Realtors Beware Of Over Engineering Real Estate Business
Realtors beware of over engineering the real estate business. Real estate is all about people. People buy things from others with emotion and feelings of trust. Don’t get me wrong here. We need good process flow and checks and balances. What I am talking about is making the business too transactional and less relationship focused. Looking at efficiency, profit, and lots of data is fun for an engineer. I is one.
I jumped into a family real estate business from manufacturing consulting. I looked at processes and ask questions, drew charts, asked more questions. Why do you do this? Why do you fill this form out? Why? Why? Why? I was an adult 2 year old.
I did the same thing with real estate. I drove my first broker crazy. I wanted to break the rules, because at the time they seemed stupid to me. As an example, I take a listing and with a pen fill out a form that has all the information about the property. Then I take it into the office for the salaried administrator types it into the computer. Why touch it twice? Why? (Once I became a broker I started understanding “liability”) You do not need an agent taking a shortcut to change a list price if both seller and buyer have not signed a paper authorizing it. Example…
I am noticing that teams and mega agents are putting more layers between them and the client or customer. It is causing problems.

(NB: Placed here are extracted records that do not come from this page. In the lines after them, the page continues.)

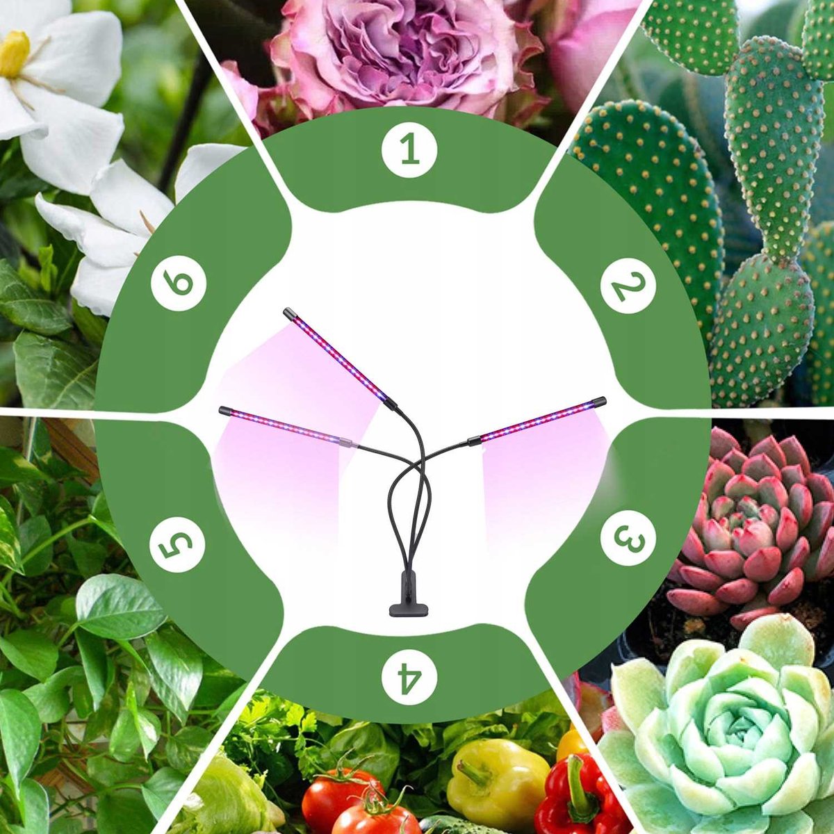 Lampa LED do roślin z dwoma głowicami pozwala dostosować siłę światła i wybrać jeden z 9 trybów, które mogą dawać moc od 20 do 100%. Warto również zwrócić uwagę na wysokość położenia głowicy z LEDami nad rośliną, aby nie doszło do jej spalenia.
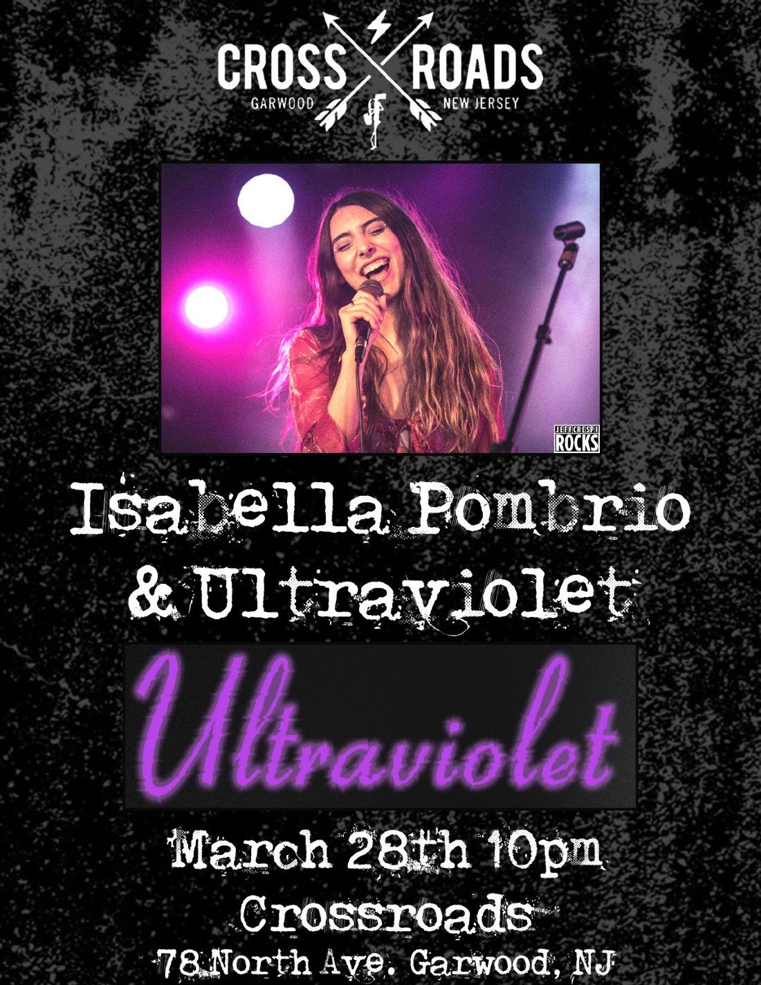 isabella pombrio & Ultraviolet take the stage at 10pm on March 28 2024 at Crossroads. Crossroads is located at 78 North Ave in Garwood NJ.
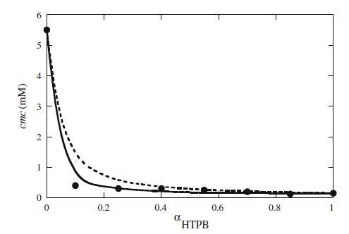 圖2 HTPB+Mega-10混合體系混合臨界膠束濃度(cmc)與αHTPB的關系圖。填充的圓圈表示實驗cmc。虛線表示HTPB+Mega-10混合體系理想行為的相分離模型,而實線最符合RST和βmic 12的數(shù)據(jù)=?3.91
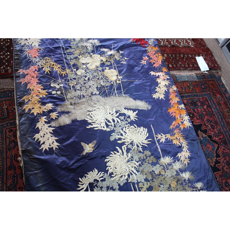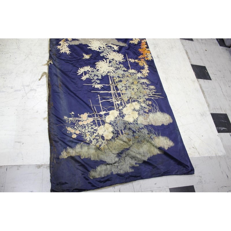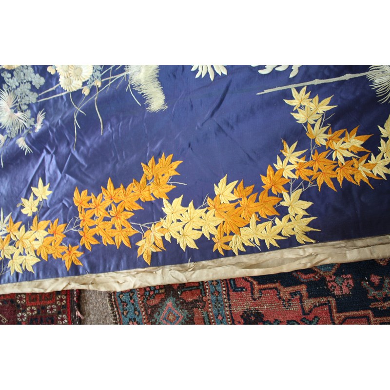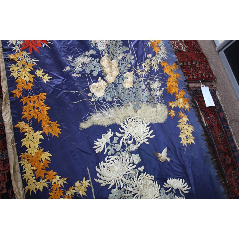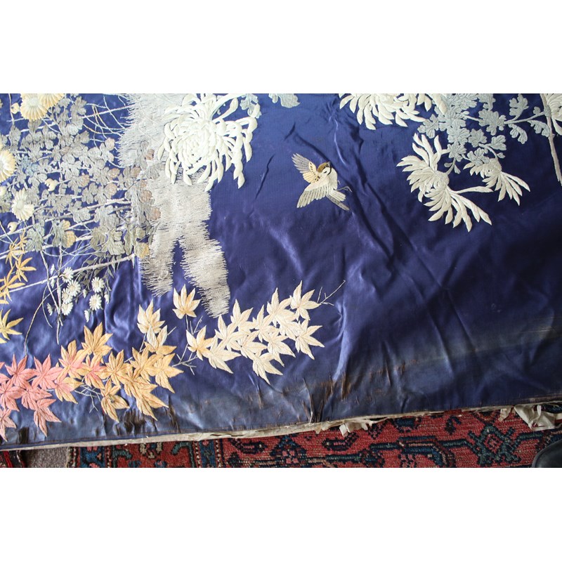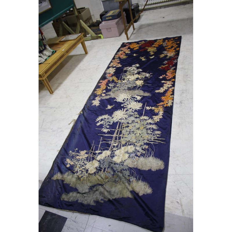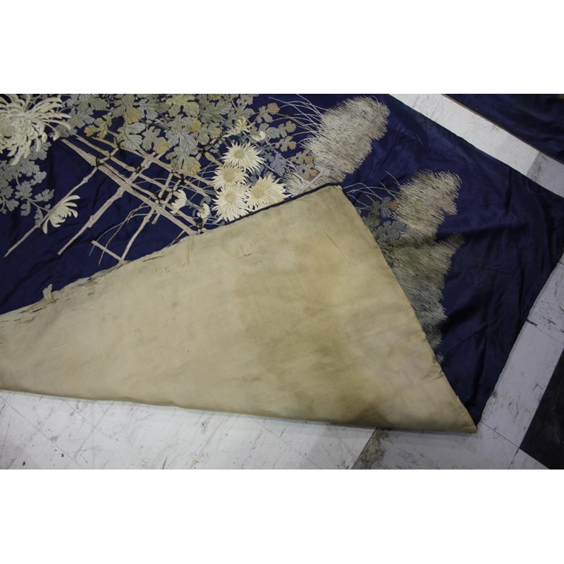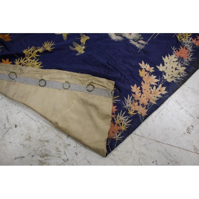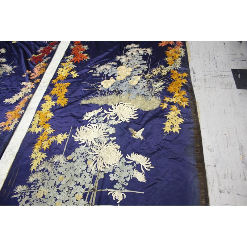late 19thc, two very similar large dark blue silk wall hangings, embroidered with a central design of flowers, leaves and birds in flight, worked in white, pale pink, grey and pale blue's. The border with a colourful trailing leaf design, worked in orange, yellow, red and gold. Some fading to the edges of the hangings, and some damage to the backing fabric. 313cms by 114cms. (2)
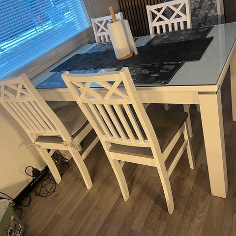 Käsitelty valkoisella vahalla. Kaipaisi vähän hiontaa/uutta vahaa pintaan.
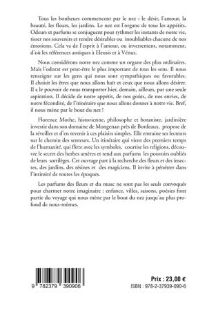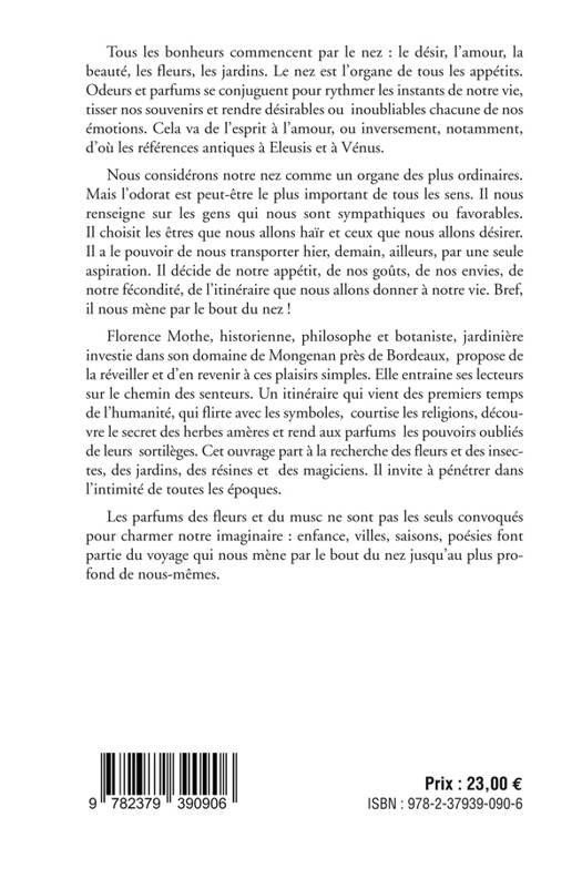 De tous nos sens, l’olfaction est peut-être le plus méprisé. Nous considérons notre nez comme un organe des plus ordinaires, sans doute parce qu’il ne peut se cacher au milieu de notre figure. Mais le paradoxe est que l’odorat dissimule son jeu. Il est sans doute le plus important de tous les sens. Il nous renseigne sur les gens qui nous sont sympathiques ou favorables. Il choisit les êtres que nous allons haïr et ceux que nous allons désirer. Il a le pouvoir de nous transporter hier, demain, ailleurs, par une seule aspiration. Il décide de notre appétit, de nos goûts, de nos envies, de notre fécondité, de l’itinéraire que nous allons donner à notre vie. Bref, il nous mène par le bout du nez ! Jadis, on reconnaissait au nez la plus grande importance. On utilisait les parfums pour séduire, pour prier, pour obtenir par sortilège, pour se protéger de la peste. On ne pouvait se passer d’eux tant les odeurs fortes faisaient partie de la vie, jusqu’à l’empoisonner. L’homme et la femme avaient du flair, comme les animaux . Ils ont perdu peu à peu l’usage du nez, cet organe merveilleux confisqué par la dictature de l’hygiène, l’usage des produits d’entretien et de l’eau de Javel qui nous font oublier cette sensibilité première qui nous conférait tant de pouvoirs. Ce livre propose à ses lecteurs de les retrouver au fond d’eux-mêmes. Il part à la recherche des fleurs et des insectes, des jardins, des résines et des magiciens. Il invite à pénétrer dans l’intimité de toutes les époques, à retrouver les moeurs du passé, à s’introduire dans les alcôves et les palais pour en percer les secrets. Il se lance à la recherche des parfums perdus et à la rencontre des parfums d’hier et d'aujourd’hui, de ville en ville, de port en port, de quartier en quartier, de saison en saison, d’heure en heure et nous introduit dans le labyrinthe obscur de leurs subtiles correspondances. Il rappelle comment les poètes ont vanté les parfums et comment les fleurs nous les ont offert en aidant à la diversification des espèces et à la multiplication des variétés par abeilles interposées. Il démontre surtout que le plaisir, le désir, l’amour ne seraient pas sans les fragrances qui les subliment, des je-ne-sais-quoi, des presque rien sans qui la vie ne serait plus la même tant l’odeur est la marque profonde de nous-mêmes. Philosophe et historienne, Florence Mothe est aussi jardinière et ne se lasse pas de retrouver à travers les parcours des senteurs, des saveurs et des couleurs de son jardin de Mongenan tous les bonheurs du 18e siècle.
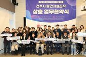 코리아타임뉴스 김태훈 기자 | 전주시 행정과 주민 공동체의 가교역할을 담당하는 9개 중간지원조직이 협업과 연계를 통해 맞춤형 서비스를 제공하기로 뜻을 모았다. 전주시는 26일 전주지역소통협력센터에서 전주시 9개 중간지원조직의 센터장 등 50여 명이 참석한 가운데 지역공동체의 경제적 자립과 효율적 지원체계 마련을 위한 ‘전주시 중간지원조직 기능 연계 및 공동 거버넌스 구축을 위한 업무협약’을 체결했다. 이번 협약은 그동안 개별적으로 운영되던 공동체와 교육, 주거, 도시재생, 일자리 등 9개 분야 중간지원조직의 칸막이를 걷어내고, 복합적 수요를 가진 공동체와 시민들에게 맞춤형 원스톱 서비스를 제공하기 위해 추진됐다. 협약에 참여한 9개 조직은 △전주지역소통협력센터 △전주교육통합지원센터 △전주시가족센터 △전주시노인취업지원센터 △전주시도시재생지원센터 △전주시새활용센터 다시봄 △전주시에너지센터 △전주시주거복지센터 △전주청소년센터 등 9개 지원기관이다. 참여기관들은 이날 협약을 통해 ‘한 아이를 키우려면 온 마을이 필요하다’는 취지 아래, 9개 기관이 보유한 인적·물적 자원을 결합해 지역 역량을 키워내는 ‘공
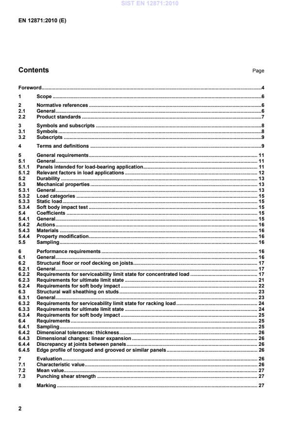 EN 12871:2010 is a standard published by the European Committee for Standardization (CEN). Its full title is "Wood-based panels - Performance specifications and requirements for load bearing boards for use in floors, walls and roofs". This standard covers: This European Standard specifies the performance requirements and the procedure for demonstrating compliance, through type testing, of load-bearing wood-based panels fitted on: a) structural joists for decking: - in flooring applications in categories of use A, B, C and D; - in roof applications in categories of use H and I; for which type testing involves: - punching shear under concentrated loading; - vertically dropped soft body impact; b) studs for walling application for which type testing involves: - racking behaviour; - pendular soft body impact. This European Standard also provides a calculation method related to soft overlays that may be installed on roofs or floors with uniform loading. NOTE Soft body impact, addressing safety matters both during construction and in service, is defined in EN 1990 and EN 1991-1. Annex A (normative) lists the contact areas of the loading heads that may be used for concentrated loading. Annex B (informative) provides examples for a decking application in a floor and a roof.
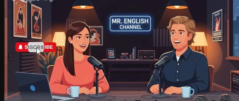 Create a cozy podcast studio scene in a flat,modern cartoon illustration style.Scene:Two friendly podcast hosts sitting across from each other at a wooden table.A woman on the left and a man on the right, both smiling and talking naturally.Each person has a professional microphone on a stand in front of them.A laptop and coffee mug on the table. Warm studio lighting with hanging lamps above.Background:Dark, cozy studio room with soft shadows.Bookshelf, framed posters, plants, and audio equipment behind them.A glowing neon sign on the back wall that reads:"YOUR CHANNEL NAME HERE"Style:Clean flat vector illustrationSmooth lines, soft gradientsWarm color palette (dark blue, brown, orange, soft pink)No realism, no photo texture, no 3DYouTube educational podcast aestheticMood:Friendly, calm, welcomingFeels like an English learning podcastProfessional but relaxedComposition:Centered charactersBalanced lightingClear focus on the hostsHigh quality, YouTube thumbnail ready

Talked with a person today, about a former real estate deal. He said that his agent was not present at the closing, and neither was the buyer’s agent. Both sent a proxy. Substitutes are fine but it does not relieve responsibility. The title company left off the home warranty payment on the closing statement. The money was not collected at closing. The warranty company was not notified. The parties were looking at the seller to pay. The closing was months ago. He did sign an agreement that he would pay the money, but he did not catch it and neither did the title company, or substitute agents. They are left with a few problems and shared liability. It still leaves the problem of who pays for the HVAC repair or replacement that just happened?
I spoke with another gentleman who had his home listed for quite some time and he said that the listing agent never bothered to call him after his listing expired. He did not know why it did not sell. He wanted feedback. Perhaps he lied to me, but his perception was that the listing agent did not follow up and give him news.
These are things that I am guilty of right now in the feedback lacking department and not providing enough hands on direct work with clients. It is not easy to manage the balance of being personal and providing the amazing level of details for many clients over time. That is an agent or broker’s challenge. How do you foster personal relationship and trust? If you want more income and more free time, you try to put processes and people in place that are trustworthy.
I do know that sellers and buyers want to work with their Realtor. They do not want to feel slighted by working with a substitute and sure do not want to experience a drop in service. That is not good for word of mouth referrals. Realtors beware of over engineering real estate business.